Homework Help: Indefinite integratrion

1. Sep 21, 2010

judahs_lion

1. The problem statement, all variables and given/known data
integrate lnsqrt(t)/t , dt

2. Relevant equations

3. The attempt at a solution

This is the most i can come up with.

u = lnsqrt(t), so du = 1/(2sqrt(t))dt , so dt = 2du/sqrt(t)

Im stuck @ this point

2. Sep 21, 2010

╔(σ_σ)╝

Hint: The logarithm function has an interesting property.

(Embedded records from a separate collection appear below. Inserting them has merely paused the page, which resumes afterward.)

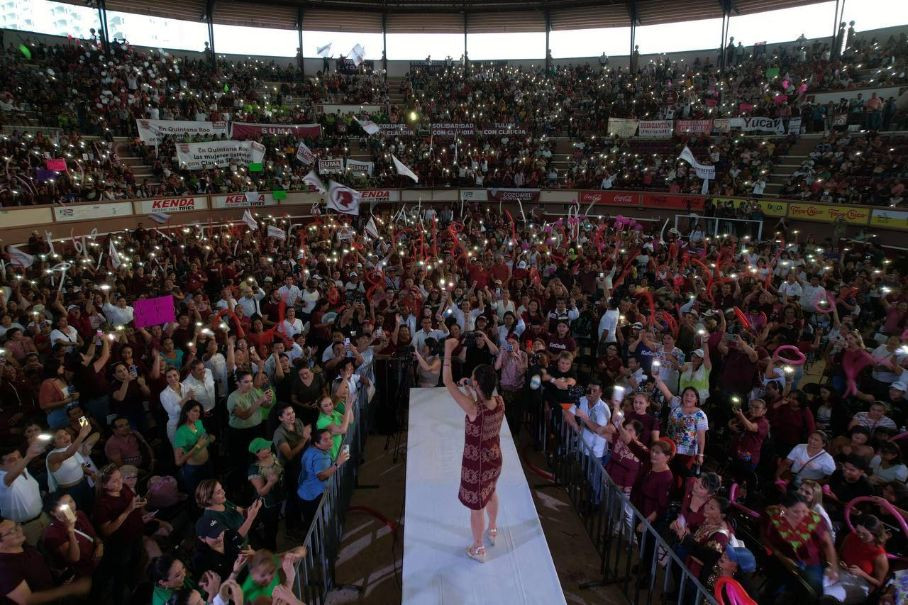 Al comienzo del evento, mujeres representantes de Quintana Roo, Yucatán y Campeche, mostraron su apoyo al reconocer la trayectoria de científica, política y de luchadora social de Claudia Sheinbaum, ‘’sabemos que usted nos representa de una forma tan grande a las mujeres’’, señalaron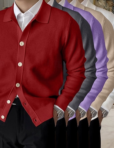 Herren Pullover Strickjacke Gerippt Stricken Normale Oberteile Gestrickt Einfach Umlegekragen Urlaub Mode Lässig Alltagskleidung Bekleidung Frühling & Herbst Weiß Rosa M L XL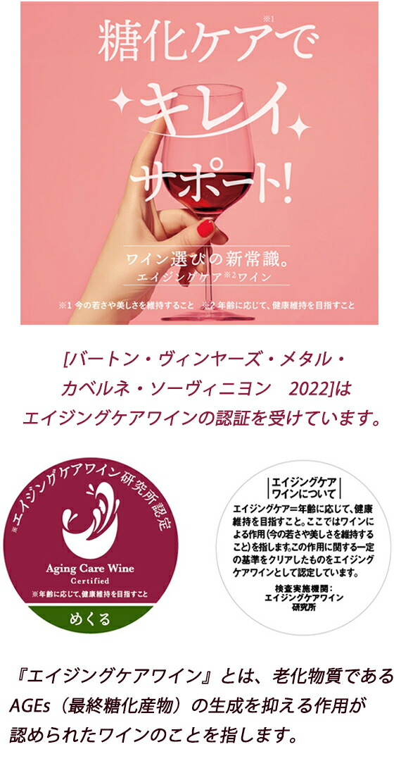 スミレの花、レッドベリー、バニラが溶け合う濃密なアロマ。滑らかなタンニンにブラックベリーの濃厚で奥行のある味わい!!この美味しさがまさかの1470円で楽しめるなら『毎日でも飲みたーい!!』しかもずっしりとした重厚感のあるボトルにメタル調のラベルは、まるでプレミアムワインの風格!! さらにこのワインは健康維持にも期待できる【エイジングケアワイン】に認定!! 高級感漂う『金賞二冠カベルネ!!』は“常備ワイン”リスト入り確定の一本!!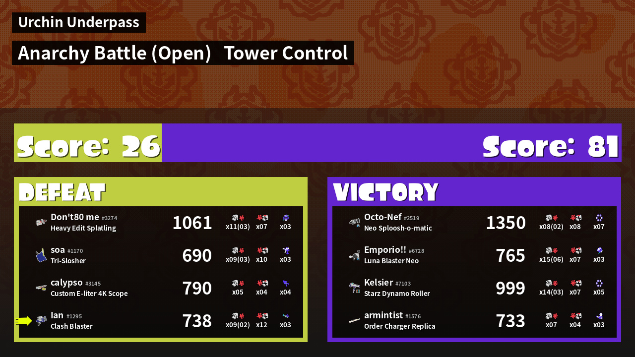 | Mode | Tower Control - Anarchy Battle (Open) | ||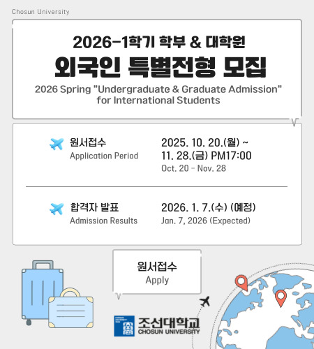 Chosun UniversityGlobal Leader 지금, 시대의 맨 앞에서 더 큰 인재, 더 넓은 미래를 향한힘찬 날갯짓으로 찬란한 내일의 아침을 열어갑니다.

$$ln\left(a^{b} \right) = bln\left(a \right)$$

3. Sep 21, 2010

Dick

du isn't 1/(2*sqrt(t))*dt. You are forgetting to use the chain rule. You can also get the correct differential by applying the rules of logs to ln(sqrt(t))=ln(t^(1/2)).

4. Sep 21, 2010

judahs_lion

so i would integrate (lnt^(1/2))/t ?

5. Sep 21, 2010

Dick

Sure. Isn't ln(sqrt(t))/t=ln(t^(1/2))/t?

6. Sep 21, 2010

judahs_lion

Ok, now i'm not sure what to take as u.

7. Sep 21, 2010

╔(σ_σ)╝

Yes.
But follow Dicks' suggestion also. It would be helpful to you. Your original method was correct ,however, as already pointed out you weren't differentiating correctly.

8. Sep 21, 2010

Dick

??? Take u the same as you originally chose. u=ln(sqrt(t))=ln(t^(1/2)). They are the same thing. You just have to compute du correctly. That's where your first attempt went wrong. The du was wrong.

9. Sep 21, 2010

judahs_lion

Yea i think i integrated rather then differentiated to get du. so u = 1/2lnt , du = 1/2(1/t)dt?

10. Sep 21, 2010

judahs_lion

actually du = 1/t

11. Sep 21, 2010

judahs_lion

that would make give me 1/2lnt (1/t), which is udu +C. so it breaks down to u^2/2 + C?

12. Sep 21, 2010

MysticDude

Last edited by a moderator: Apr 25, 2017
13. Sep 21, 2010

Dick

Sure. You could have also done it with ln(sqrt(t)). (ln(sqrt(t))'=(1/sqrt(t))*(dsqrt(t)/dt)=(1/sqrt(t))*(1/(2*sqrt(t)))=1/(2t). That's the chain rule. BTW if you aren't going to use TeX you should probably use a few more parentheses. 1/2lnt could mean (1/2)ln(t) or 1/(2ln(t)) etc.

14. Sep 21, 2010

MysticDude

Okay I'll think about that next time.

15. Sep 21, 2010

judahs_lion

Last edited by a moderator: Apr 25, 2017
16. Sep 21, 2010

MysticDude

No all it is is just normal differentiation. See all you have to do if factor out the constant( 1/2 in this case). So it would look like $$(\frac{1}{2}) * (\frac{d}{dt})(ln(t)) = \frac{1}{2t}$$

17. Sep 21, 2010

judahs_lion

but i thought the 1/2 would be eliminated because it is a constant

18. Sep 21, 2010

MysticDude

If you can factor out a constant, then do so. Plus if you look at the link that I gave you. There should be a "Show Steps" link. It says to factor out the constant.

AND even if you do it by using the product rule (I'm doing this so you can see that the 1/2 stays)

$$(\frac{1}{2}[(\frac{d}{dt})(ln(t))] + (\frac{d}{dt})(\frac{1}{2})(ln(t))$$
We have $$\frac{1}{2}*\frac{1}{t} + 0(this-is-the-derivative-of \frac{1}{2}) * ln(t)$$
so this shows that the derivative of $$\frac{1}{2} * ln(t) = \frac{1}{2t}$$

I hope you understand!

19. Sep 21, 2010

judahs_lion

Thank you

20. Sep 21, 2010

Dick

Ok, so after all that fuss, you can do the integral, right?

21. Sep 21, 2010

judahs_lion

not really. im thinking insted of it substituting to udu, it would be something like u((1/2)du)?

22. Sep 21, 2010

Dick

Argh. Why don't you use the original substitution you suggested, u=ln(t^(1/2)). It works great. I promise you.

23. Sep 21, 2010

╔(σ_σ)╝

I promise too :).

24. Sep 21, 2010

judahs_lion

I just don't see it. Don't see du inside the original function.

25. Sep 21, 2010

Dick

I'm going to have to ask you again. If u=ln(t^(1/2)), what's du? Why don't you see du (or some constant multiple of it) in the original function???